RTS stock futures rose and OAO Mechel rebounded as better-than-forecast U.S. data signaled the world’s largest economy is weathering Europe’s debt crisis.
Futures on the dollar-denominated index expiring in March added 0.7 percent to 135,290 yesterday in New York as the Bloomberg Russia-US 14 Index of Russian companies traded in the U.S. rose 0.1 percent to 89.89. American depositary receipts of Mechel, Russia’s largest producer of coal for steelmakers, jumped the most in a month, creating the largest gap with its Moscow-traded shares since October.
Business activity in the U.S. expanded in December, prompting companies to boost employment. The Institute for Supply Management-Chicago Inc. reported its business barometer at 62.5 this month, exceeding the median forecast of 61 among economists surveyed by Bloomberg. A recovery in U.S. manufacturing may help to bolster the price of oil and gas, Russia’s largest export earners.
“Better-than-expected news out of the U.S. makes for a positive picture,” Alec Young, a global equity strategist at Standard & Poor’s in New York, said by phone yesterday. “Russia should participate in a global recovery in 2012 as a mild recession in Europe ends by the second half. We may be passing through the worst point of fear from an equity perspective.”
Italy sold yesterday 2.5 billion euros ($3.24 billion) of securities due in 2014 to yield 5.62 percent, down from 7.89 percent at the previous sale on Nov. 29, a sign of investor confidence.
Russian equities, Young said, may underperform peers in the run-up to the country’s March elections. Prime Minister Vladimir Putin has promised a fair contest in a bid to head off more demonstrations after at least 30,000 people rallied in Moscow on Dec. 24 over alleged ballot box fraud in a parliamentary vote.
The RTS Index in Moscow declined for a third day, dropping 1.2 percent to 1,365.13, while the 30-stock Micex Index rose 0.3 percent to 1,387.06. The RTS Volatility Index, which measures expected swings in the index futures, dropped for the 11th time in 12 days, falling 6.4 percent to 38.63 points. The Market Vectors Russia ETF, a U.S.-traded fund that holds Russian shares, declined for a fourth day, losing 0.1 percent to $26.24.
Mechel gained 5.8 percent to $8.36 in New York after shares in Moscow fell 0.7 percent to 254.10 rubles, or the equivalent of $7.92. One ADR represents one ordinary share. Mechel’s ADRs closed at the largest premium to the Moscow stock since Oct. 30.
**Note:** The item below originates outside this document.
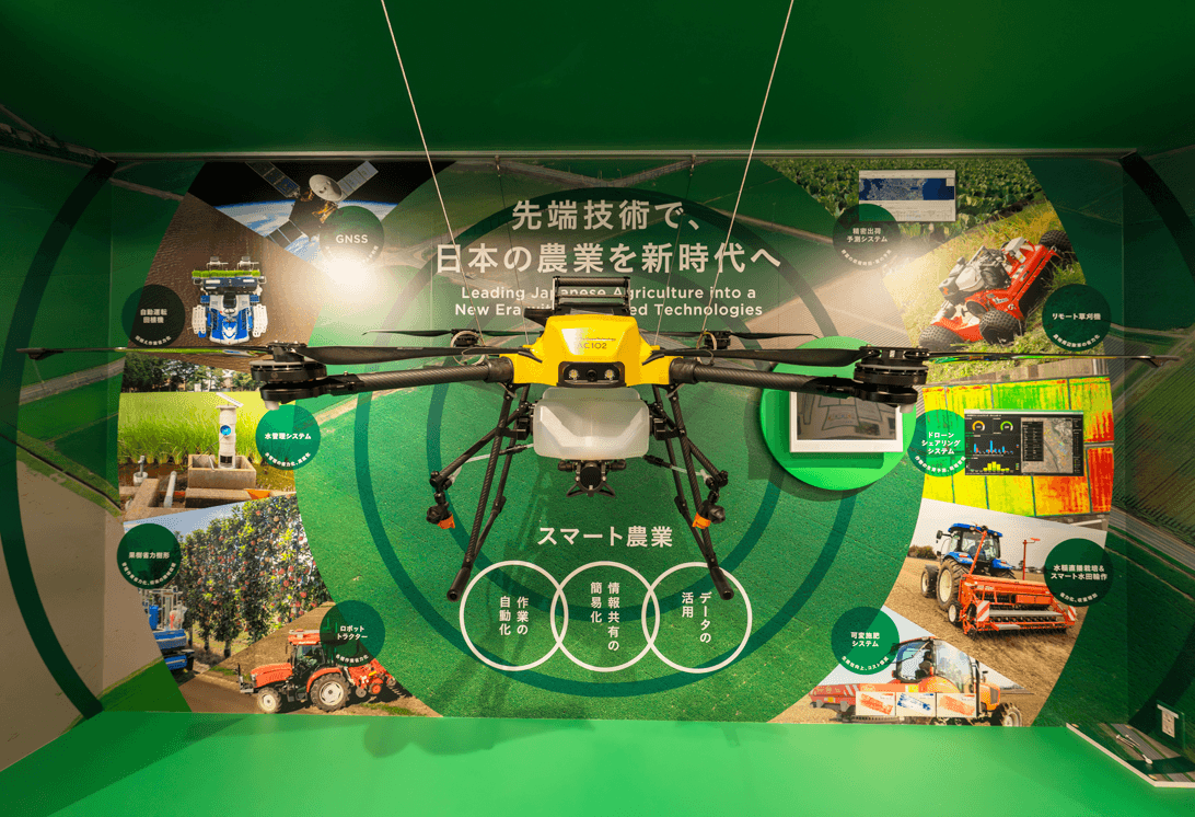 展示の中では、スマート農業に関する取組も紹介されています。特別展示エリアでは、「スマート農業」や「AI×農業」といったテーマを通じて、最新技術が農業にどのように活用されているのかを、映像や体験型展示で分かりやすく伝えています。

OAO GMK Norilsk Nickel rose 2.3 percent in New York to $15.36 as nickel gained 1.6 percent to $18,195 a ton on the London Metal Exchange and Russia’s largest miner said it plans to increase capital spending to more than $3 billion in 2012. Norilsk shares added 2.9 percent on the Micex to 4,925 rubles, or $153.60. One ADR represents one-tenth of an ordinary share.
Standard & Poor’s GSCI index of 24 raw materials rose 0.1 percent as copper futures for March delivery climbed for the first time in three days after pending sales of U.S. homes rose than forecast in November. Copper traded on the Comex in New York settled at $3.37 a pound, a gain of 0.4 percent.
The Standard & Poor’s 500 Index advanced 1.1 percent to 1,263.02 as U.S. jobless claims dropped to a three-year low. The four-week moving average for claims, a less volatile measure than the weekly figures, dropped to 375,000 last week, the lowest level since June 2008, Labor Department figures showed yesterday in Washington.
The Micex has lost 18 percent in 2011 and trades at 4.9 times analysts’ earnings estimates for member companies. That compares with an 18 percent slide for Brazil’s Bovespa index, which trades at 10 times estimated earnings, according to data compiled by Bloomberg. The Shanghai Composite Index trades at 10.5 times estimated earnings, and the BSE India Sensitive Index has a ratio of 13.5.